DATA BELOW –

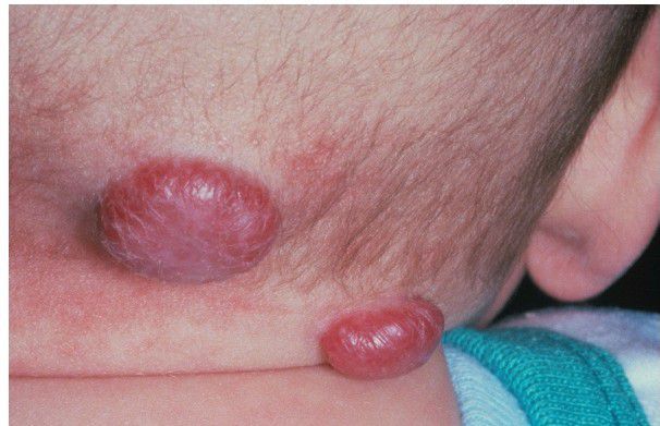 . Infant with two red, nodular masses on the posterior scalp and neck (“strawberry” hemangiom
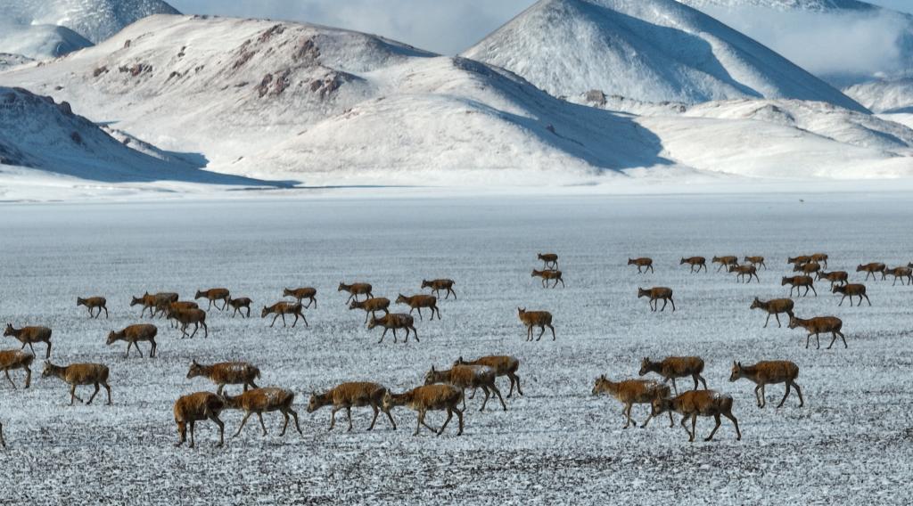 這是在甜水河畔荒灘雪地中向產(chǎn)羔地遷徙的藏羚羊(6月15日攝 無人機照片)。新華社記者 晉美多吉 攝
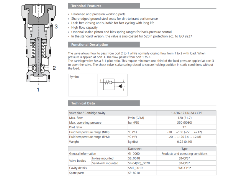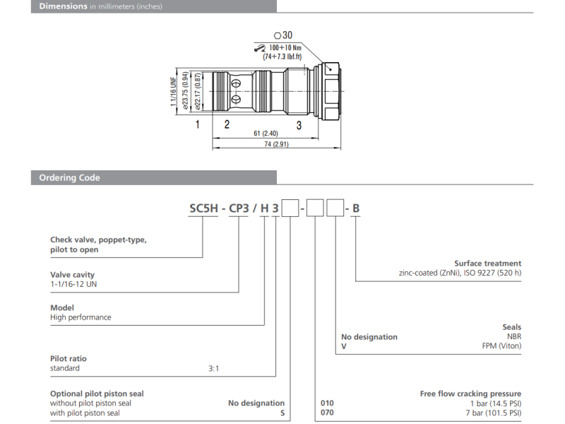 Zawór SC5H-CP3, Pilot piston seal: No designation, Seals: No designation, Cracking pressure: 070
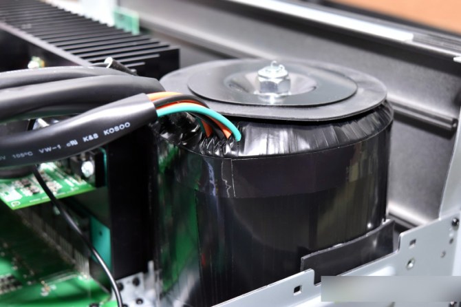 Current comes in and passes through the power supply board which is connected to the custom toroidal transformer by Noratel, that is as thick as the chassis height.

TASK DIRECTIONS –
The copy must begin with the line containing "Zawór SC5H-CP3, Pilot", end with the last line of the material, match each line exactly, and hold no pictures.

YOUR SOLUTION –
 Zawór SC5H-CP3, Pilot piston seal: No designation, Seals: No designation, Cracking pressure: 070
 Current comes in and passes through the power supply board which is connected to the custom toroidal transformer by Noratel, that is as thick as the chassis height.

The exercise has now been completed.